If that was a formal feedback session I'd think you'd be very entitled to ask for another meeting and ask for clarification. That's not professional feedback and she should explain clearly how that is supposed to translate into how you work.

fascicle Sat 16-Apr-16 11:09:39

Agree with Obvious and driving. What on earth is your boss trying to achieve with such a negative, ambiguous and limited comment? She should be encouraging you and giving you specific and constructive information.

Jmangel Sat 16-Apr-16 11:36:08

She sounds threatened by you and is lashing out - saying you should be insecure is a threat - almost saying, you'd better watch out, your job isn't secure.
Most bizarre feedback - I would ask for a second appraisal with another HR employee also present.

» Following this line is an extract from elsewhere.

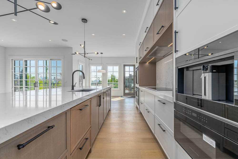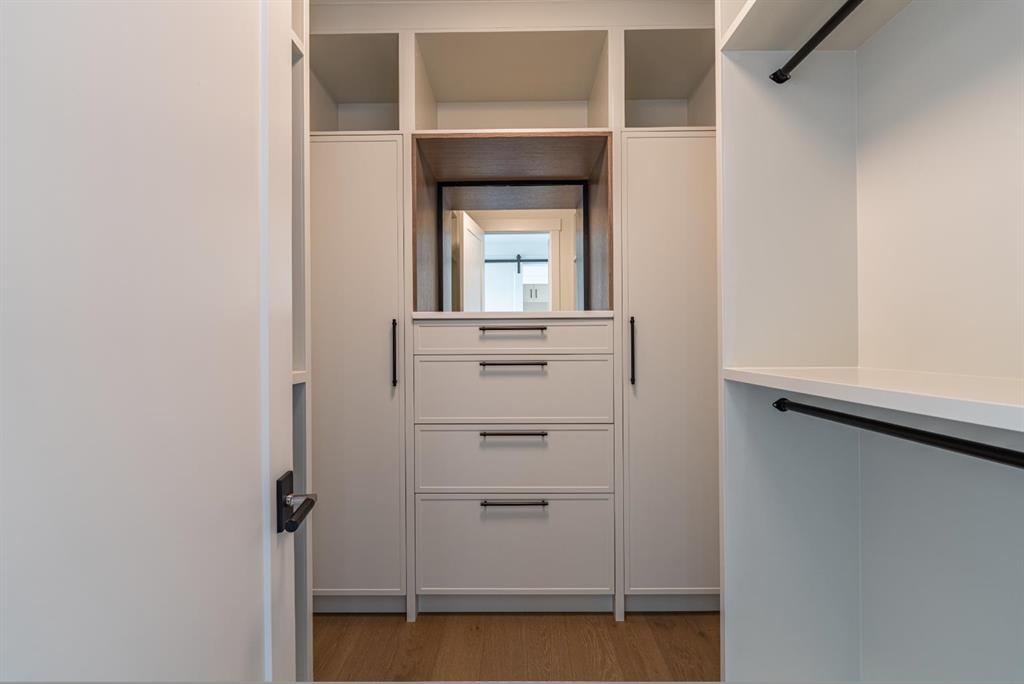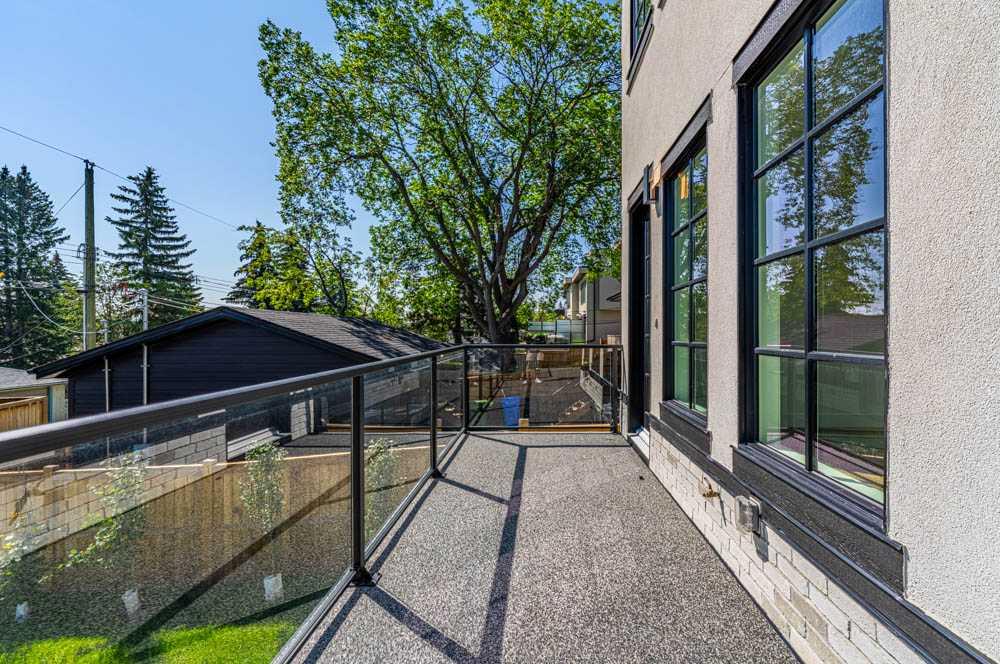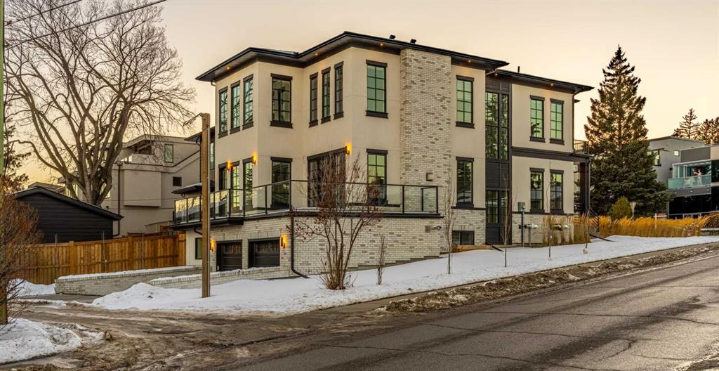 Exquisite Modern Corner Home with Panoramic Downtown Views. This striking luxury contemporary corner home, is perfectly positioned in one of Calgary’s most sought after inner city neighbourhoods. From the moment you arrive, the home’s bold architecture, oversized windows, and meticulously landscaped, low maintenance yard with automatic irrigation, make a lasting impression. Step inside to soaring ceilings and sun drenched spaces that immediately evoke a sense of openness. The formal dining area, surrounded by windows, is ideal for entertaining, while a discreet powder room and custom wine storage add subtle touches of luxury. At the heart of the home, the chef’s kitchen impresses with premium Fisher & Paykel appliances, elegant quartz countertops, statement tile, and a butler’s pantry to keep everything organized. The oversized island is perfect for cooking, gathering, or casual dining, and the cozy breakfast nook opens onto a private terrace, seamlessly connecting indoor and outdoor living. The family room is anchored by a dramatic floor to ceiling stone fireplace and provides direct access to the terrace with sweeping downtown views, perfect for relaxing evenings or weekend entertaining. A striking glass enclosed staircase adds architectural drama while allowing natural light to flow throughout the home. Upstairs, the luxurious primary suite serves as a private retreat. It features dual custom closets, a built-in vanity, and a spa inspired ensuite with heated floors, a deep soaker tub with downtown views, double sinks, a rainfall steam shower, and high-end finishes. Two additional bedrooms offer flexible space for children, guests, or home offices, with a full bathroom that also includes in-floor heating and ample storage. The upstairs laundry room, equipped with high-end washer and dryer and abundant cabinetry, makes daily tasks effortless. The fully developed lower level expands your living space with a spacious recreation room, custom wet bar with wine fridge and integrated dishwasher, perfect for entertaining. Radiant in-floor heat ensures comfort year round. A fourth bedroom and full bathroom provide additional space for guests or teens, while an oversized mudroom with smart storage connects directly to the heated double garage. Additional features include central AC, integrated lighting, and high-end Hunter Douglas remote operated blinds throughout, fully programmable via app for complete convenience and privacy control. This home blends luxury, style, and practical functionality, with a location that puts the best of Calgary’s inner city right at your doorstep. Don’t miss this rare opportunity to own a home that elevates both everyday living and entertaining. Please see 3D tour and video.

Yeahsure Sat 16-Apr-16 11:42:20

That's a dreadful comment.

Ask, politely, for clarity and for some targets or pointers to work towards.

SilverBirchWithout Sat 16-Apr-16 11:44:56

The use of the word 'insecure' is indeed very odd.

It would clearer if she had said you can sometimes come across as over-confident or you may find it better to sometimes ask other members of the team for advice to help build working relationships.

However it is not clear what she means by saying 'insecure'. IMO being insecure would be a negative trait to demonstrate at work. Maybe she's saying that she needs to feel that you are lower in the pecking order than she is and she has the need for her direct reports to behave more diffidently towards her.

How peculiar that someone in HR is so poor at giving constructive or even understandable feedback.

You mention you thought you understood what she meant, what do you think she was getting at?

cleaty Sat 16-Apr-16 11:49:57

I suspect she means over confident. But ask her to clarify.
Your reaction though as to see it as an attack on your character is OTT.